Назад к книге «Записки юного негодяя» [Поль Монтер]

Часть первая «Замок»

Бог мой, да я сам не знаю, с чего я решился вести дневник. Должно быть, забавы ради и от совершенной скуки, что царит вокруг меня. Признаюсь откровенно, я вовсе не помышлял старательно корпеть над записями, ибо любой труд навевает на меня уныние. Скорее всего, меня подхлестнуло желание высказывать собственные тайные мысли без опаски получить порцию нудных поучений от папаши. Хотя сам бы я не додумался таким способом проявить некий протест от его извечного давления. Как-то зайдя в комнату старшей сестры, я заметил, что она склонилась над бюро и так увлечённо выводит строчки в тонкой книжице, что выражение её тусклого лица становится блаженным словно в церкви.

– Что ты пишешь, Анжель? – спросил я.

Бедняжка густо покраснела и, кажется, поставила кляксу на свои записи.

– Ах, Патрис, ты напугал меня, братик. Я… я заношу в дневник важные для меня события.

– Дневник? Что это?

– О, братец, любому человеку хочется вспоминать счастливые и важные события, что происходили с ним. Но в суете жизни мы склонны забывать их. А так отрадно вновь пережить радость или светлую печаль, всего лишь заглянув в записки.

Пресвятая Дева, гнусавый голосок Анжель в сочетании с речью завзятой святоши тотчас вызвал у меня зевоту. Но после я действительно задумался над её нудными словами. Конечно, сестрица наверняка измучила бумагу откровениями вроде птичьего щебета, что послышался, когда она выходила из церкви и тому подобной ерунды. И эта зануда ещё уверяет в полнейшей откровенности написанного. По мне, если уж откровенничать, то до конца.
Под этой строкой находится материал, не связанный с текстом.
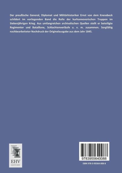Der preußische General, Diplomat und Militärhistoriker Ernst von dem Knesebeck schildert im vorliegenden Band die Rolle der kurhannoverischen Truppen im Siebenjährigen Krieg. Aus umfangreichen archivalischen Quellen stellt er beteiligte Regimenter und Bataillone, Schlachtenverläufe u. v. m. zusammen. Sorgfältig nachbearbeiteter Nachdruck der Originalausgabe aus dem Jahr 1845.
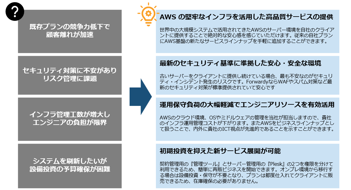 | ご支援② | 「Forwardy」をベースにしてホスティング事業者様のニーズに合わせてプランスペックやラインナップをAWS上でセミカスタマイズしてオリジナルサービスとしてご提供いただくための支援を行います。 | ![]() |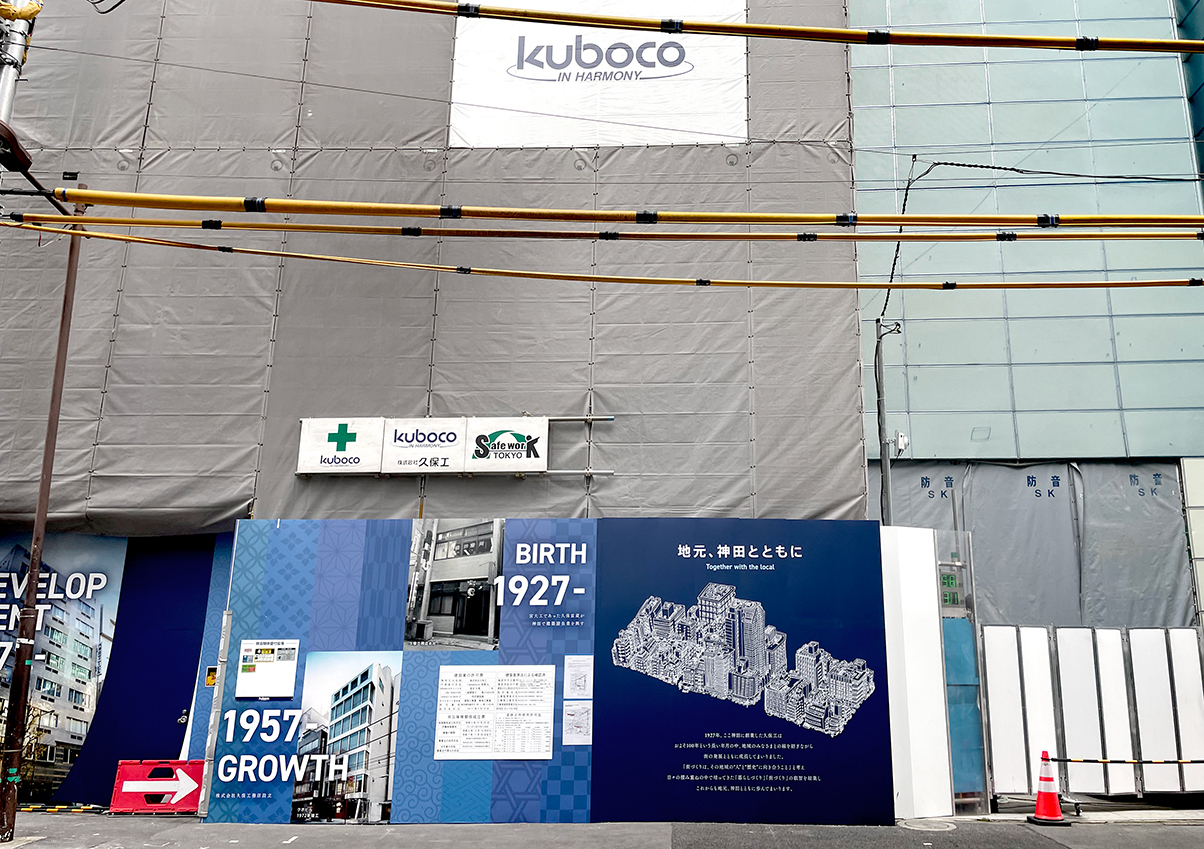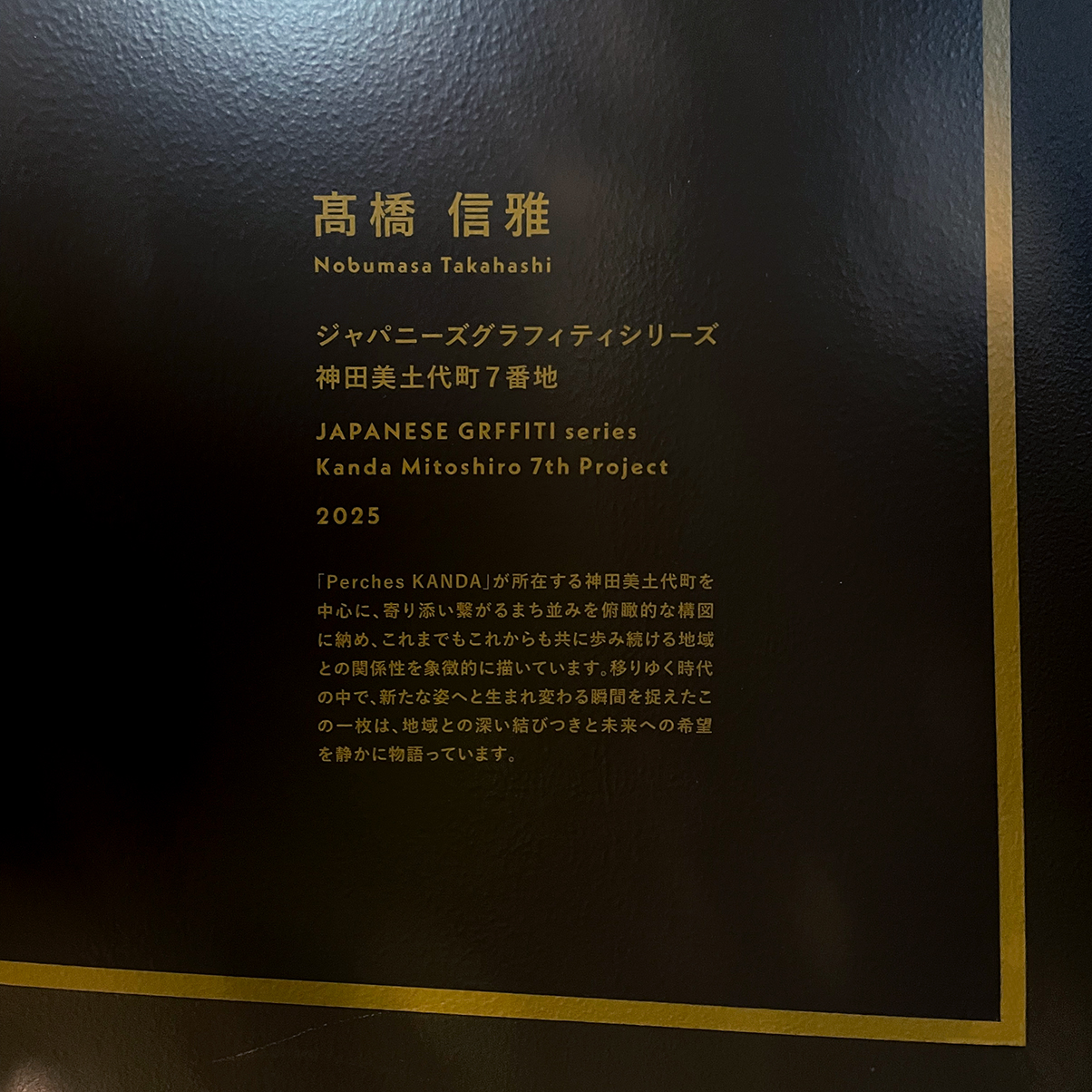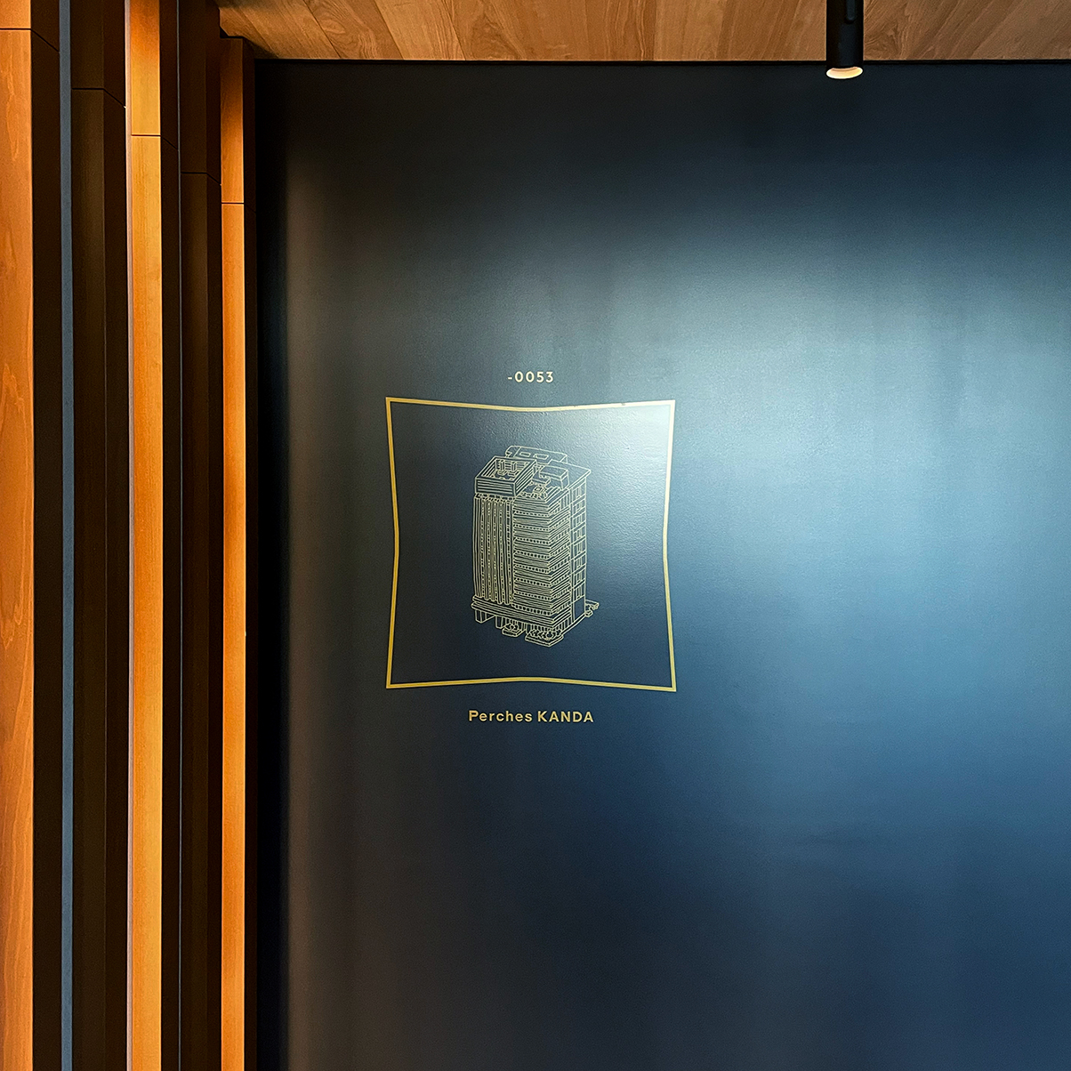 In December 2025, the new headquarters, Perches KANDA, was completed.The artwork originally created for the temporary fencing, titled “Kanda Mitoshirocho 7th Project,” has now been permanently installed on the stairway wall inside the building.

Раз эти записи я веду для себя, отчего бы не поделиться ими с бумагой, которая, как известно, не краснеет? И вот, извольте, через пару дней я обзавёлся приличной книжицей в довольно скромном переплёте.

Пришлось соврать отцу, что она нужна для пометок в учёбе. Ну что же, отныне эти пока что пустые страницы станут отражать всё, чем мне захочется поделиться. Уж я позабочусь, чтобы чтение доставило мне удовольствие, если вдруг вздумается перечитать записи.

Хм, конечно, я не знаю правил ведения дневника, но мне откровенно наплевать на любые рамки. В конце концов, это полностью моё творение и вовсе не предназначенное для чужих глаз. Во избежание неприятностей я сразу же придумал тайник, незаметно надорвав обивку стула в моей комнате. А выходя из дому, я непременно беру его с собой. Вскоре я обнаглел настолько, что стал вести записи в открытую, и мой старикан отец воображает, что я наконец-то взялся за ум.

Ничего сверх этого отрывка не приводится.